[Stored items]
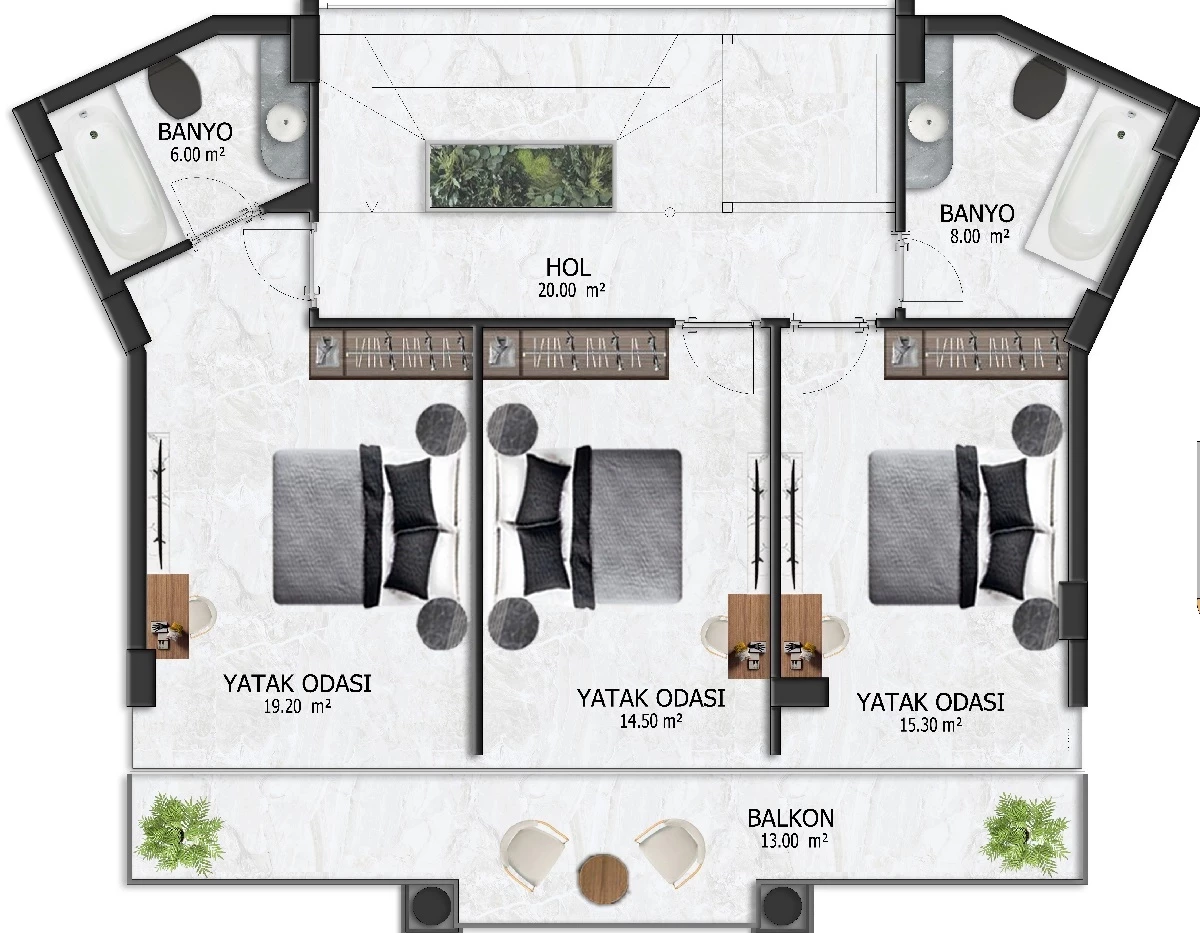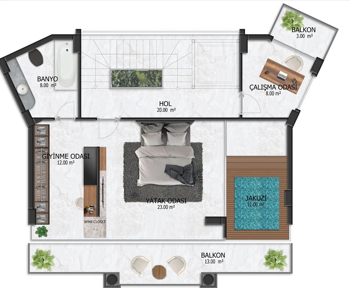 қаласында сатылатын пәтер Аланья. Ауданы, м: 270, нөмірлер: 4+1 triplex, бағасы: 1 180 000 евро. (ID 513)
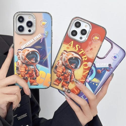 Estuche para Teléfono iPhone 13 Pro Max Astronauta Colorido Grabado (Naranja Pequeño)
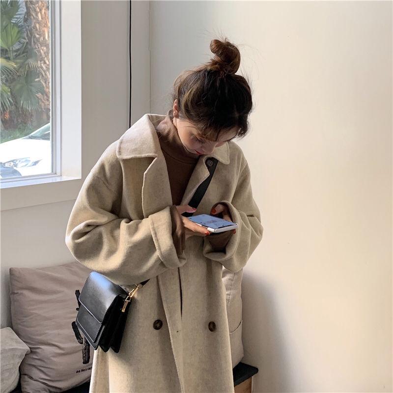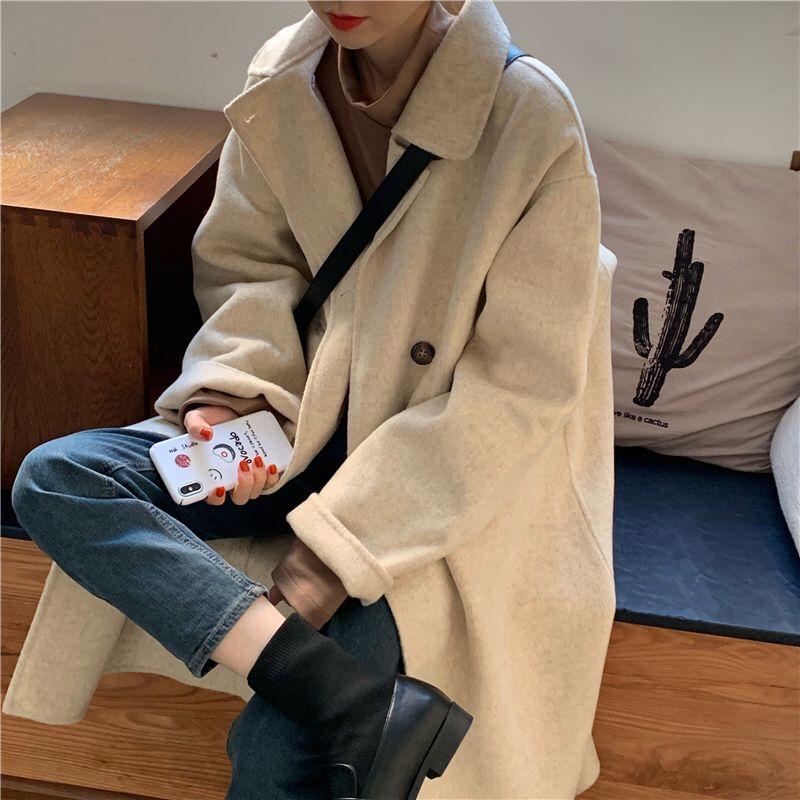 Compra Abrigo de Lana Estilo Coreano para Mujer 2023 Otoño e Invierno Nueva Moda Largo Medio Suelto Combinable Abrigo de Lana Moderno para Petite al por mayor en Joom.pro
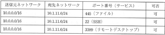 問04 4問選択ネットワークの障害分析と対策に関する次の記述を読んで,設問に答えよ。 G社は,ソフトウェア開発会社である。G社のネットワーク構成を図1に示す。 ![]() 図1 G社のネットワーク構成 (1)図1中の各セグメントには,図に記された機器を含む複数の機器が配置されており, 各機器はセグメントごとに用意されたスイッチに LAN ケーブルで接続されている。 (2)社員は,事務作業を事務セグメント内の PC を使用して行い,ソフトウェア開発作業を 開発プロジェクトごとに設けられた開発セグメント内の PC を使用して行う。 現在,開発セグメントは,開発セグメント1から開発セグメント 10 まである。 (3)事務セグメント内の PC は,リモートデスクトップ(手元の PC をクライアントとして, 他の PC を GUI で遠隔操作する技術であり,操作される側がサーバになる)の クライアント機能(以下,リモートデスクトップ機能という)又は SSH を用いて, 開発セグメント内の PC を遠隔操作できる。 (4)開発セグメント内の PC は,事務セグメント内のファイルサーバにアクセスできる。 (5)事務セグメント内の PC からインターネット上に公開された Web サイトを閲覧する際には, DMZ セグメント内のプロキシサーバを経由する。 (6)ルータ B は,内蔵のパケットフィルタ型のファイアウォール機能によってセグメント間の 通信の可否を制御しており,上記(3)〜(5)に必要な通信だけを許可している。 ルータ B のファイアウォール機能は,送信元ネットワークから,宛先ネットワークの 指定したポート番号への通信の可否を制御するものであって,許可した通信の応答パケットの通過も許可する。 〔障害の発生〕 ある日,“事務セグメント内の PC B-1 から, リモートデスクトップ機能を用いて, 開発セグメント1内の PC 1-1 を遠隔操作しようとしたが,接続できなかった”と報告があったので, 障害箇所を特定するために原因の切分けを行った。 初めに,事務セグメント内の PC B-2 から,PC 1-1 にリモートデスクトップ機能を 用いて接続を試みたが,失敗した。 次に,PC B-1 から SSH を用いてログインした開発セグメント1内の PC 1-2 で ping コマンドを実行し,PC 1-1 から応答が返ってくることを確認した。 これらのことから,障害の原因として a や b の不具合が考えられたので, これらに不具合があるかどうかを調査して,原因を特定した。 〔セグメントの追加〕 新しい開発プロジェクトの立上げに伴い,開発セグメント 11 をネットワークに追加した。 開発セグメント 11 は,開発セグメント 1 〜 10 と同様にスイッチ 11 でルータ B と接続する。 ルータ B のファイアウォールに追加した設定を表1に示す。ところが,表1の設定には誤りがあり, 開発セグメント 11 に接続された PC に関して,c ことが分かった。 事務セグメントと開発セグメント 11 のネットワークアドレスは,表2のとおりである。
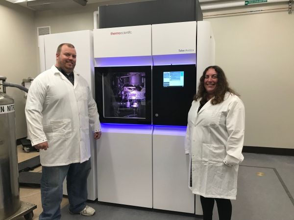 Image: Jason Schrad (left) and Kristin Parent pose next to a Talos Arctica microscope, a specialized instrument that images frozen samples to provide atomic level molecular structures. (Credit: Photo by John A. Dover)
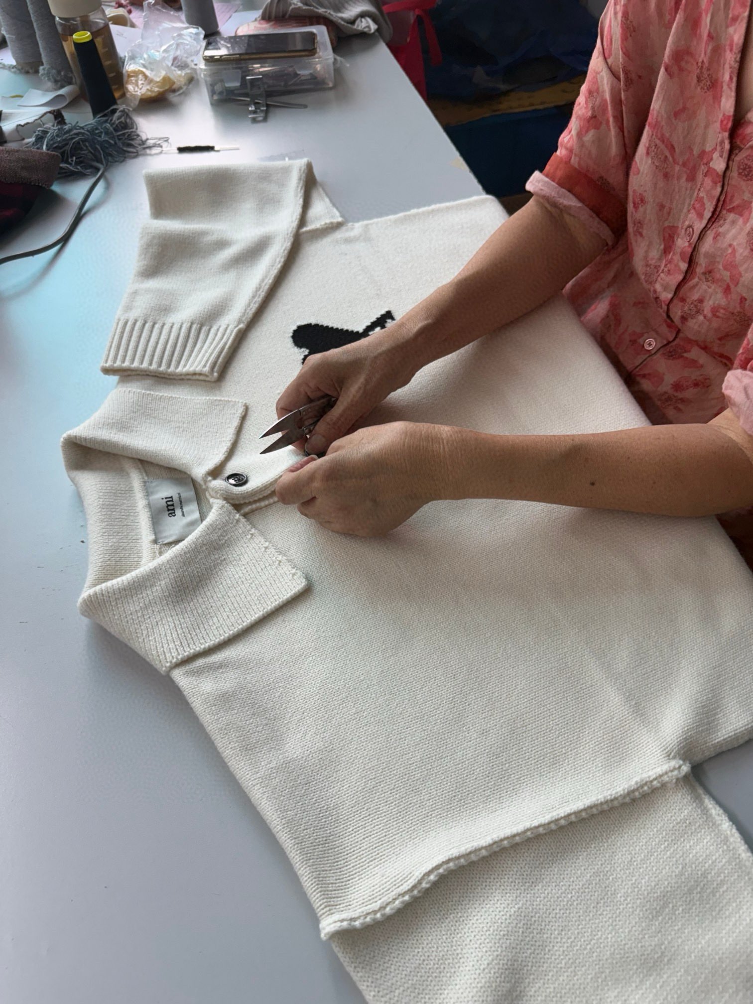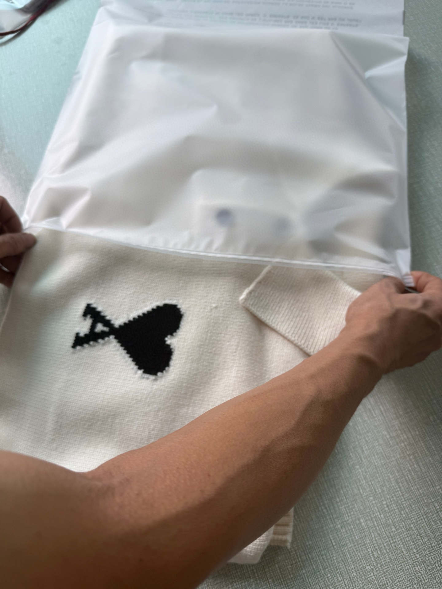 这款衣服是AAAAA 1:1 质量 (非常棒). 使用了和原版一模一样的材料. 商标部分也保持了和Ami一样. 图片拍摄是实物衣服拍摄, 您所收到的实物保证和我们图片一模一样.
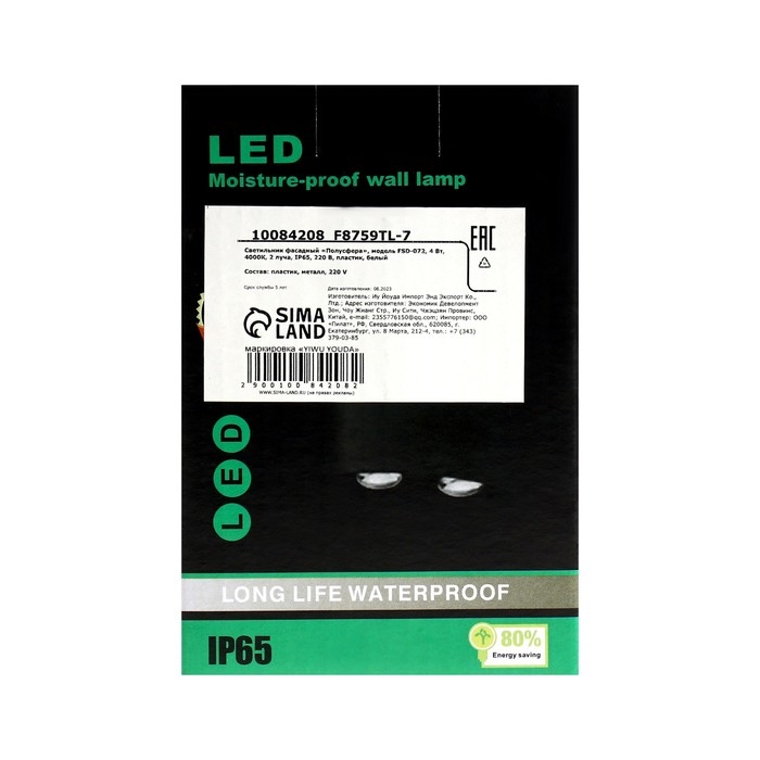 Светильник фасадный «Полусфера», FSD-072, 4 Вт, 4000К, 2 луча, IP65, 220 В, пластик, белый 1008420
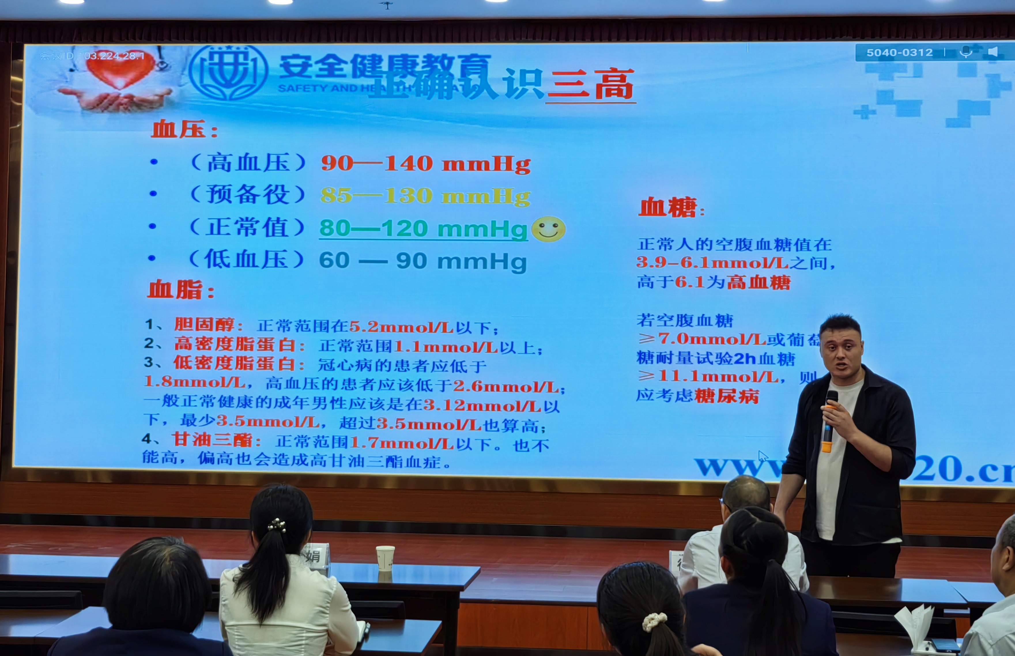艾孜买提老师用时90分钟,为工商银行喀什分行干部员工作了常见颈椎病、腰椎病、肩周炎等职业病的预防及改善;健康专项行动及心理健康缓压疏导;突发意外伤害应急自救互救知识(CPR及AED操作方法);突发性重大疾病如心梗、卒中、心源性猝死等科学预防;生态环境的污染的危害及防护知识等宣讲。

Task description |
Above are the entries; write them out again exactly, omitting the pictures.

Written response |
 қаласында сатылатын пәтер Аланья. Ауданы, м: 270, нөмірлер: 4+1 triplex, бағасы: 1 180 000 евро. (ID 513)
 Estuche para Teléfono iPhone 13 Pro Max Astronauta Colorido Grabado (Naranja Pequeño)
 Compra Abrigo de Lana Estilo Coreano para Mujer 2023 Otoño e Invierno Nueva Moda Largo Medio Suelto Combinable Abrigo de Lana Moderno para Petite al por mayor en Joom.pro
 問04 4問選択ネットワークの障害分析と対策に関する次の記述を読んで,設問に答えよ。 G社は,ソフトウェア開発会社である。G社のネットワーク構成を図1に示す。 ![]() 図1 G社のネットワーク構成 (1)図1中の各セグメントには,図に記された機器を含む複数の機器が配置されており, 各機器はセグメントごとに用意されたスイッチに LAN ケーブルで接続されている。 (2)社員は,事務作業を事務セグメント内の PC を使用して行い,ソフトウェア開発作業を 開発プロジェクトごとに設けられた開発セグメント内の PC を使用して行う。 現在,開発セグメントは,開発セグメント1から開発セグメント 10 まである。 (3)事務セグメント内の PC は,リモートデスクトップ(手元の PC をクライアントとして, 他の PC を GUI で遠隔操作する技術であり,操作される側がサーバになる)の クライアント機能(以下,リモートデスクトップ機能という)又は SSH を用いて, 開発セグメント内の PC を遠隔操作できる。 (4)開発セグメント内の PC は,事務セグメント内のファイルサーバにアクセスできる。 (5)事務セグメント内の PC からインターネット上に公開された Web サイトを閲覧する際には, DMZ セグメント内のプロキシサーバを経由する。 (6)ルータ B は,内蔵のパケットフィルタ型のファイアウォール機能によってセグメント間の 通信の可否を制御しており,上記(3)〜(5)に必要な通信だけを許可している。 ルータ B のファイアウォール機能は,送信元ネットワークから,宛先ネットワークの 指定したポート番号への通信の可否を制御するものであって,許可した通信の応答パケットの通過も許可する。 〔障害の発生〕 ある日,“事務セグメント内の PC B-1 から, リモートデスクトップ機能を用いて, 開発セグメント1内の PC 1-1 を遠隔操作しようとしたが,接続できなかった”と報告があったので, 障害箇所を特定するために原因の切分けを行った。 初めに,事務セグメント内の PC B-2 から,PC 1-1 にリモートデスクトップ機能を 用いて接続を試みたが,失敗した。 次に,PC B-1 から SSH を用いてログインした開発セグメント1内の PC 1-2 で ping コマンドを実行し,PC 1-1 から応答が返ってくることを確認した。 これらのことから,障害の原因として a や b の不具合が考えられたので, これらに不具合があるかどうかを調査して,原因を特定した。 〔セグメントの追加〕 新しい開発プロジェクトの立上げに伴い,開発セグメント 11 をネットワークに追加した。 開発セグメント 11 は,開発セグメント 1 〜 10 と同様にスイッチ 11 でルータ B と接続する。 ルータ B のファイアウォールに追加した設定を表1に示す。ところが,表1の設定には誤りがあり, 開発セグメント 11 に接続された PC に関して,c ことが分かった。 事務セグメントと開発セグメント 11 のネットワークアドレスは,表2のとおりである。
 Image: Jason Schrad (left) and Kristin Parent pose next to a Talos Arctica microscope, a specialized instrument that images frozen samples to provide atomic level molecular structures. (Credit: Photo by John A. Dover)
 这款衣服是AAAAA 1:1 质量 (非常棒). 使用了和原版一模一样的材料. 商标部分也保持了和Ami一样. 图片拍摄是实物衣服拍摄, 您所收到的实物保证和我们图片一模一样.
 Светильник фасадный «Полусфера», FSD-072, 4 Вт, 4000К, 2 луча, IP65, 220 В, пластик, белый 1008420
艾孜买提老师用时90分钟,为工商银行喀什分行干部员工作了常见颈椎病、腰椎病、肩周炎等职业病的预防及改善;健康专项行动及心理健康缓压疏导;突发意外伤害应急自救互救知识(CPR及AED操作方法);突发性重大疾病如心梗、卒中、心源性猝死等科学预防;生态环境的污染的危害及防护知识等宣讲。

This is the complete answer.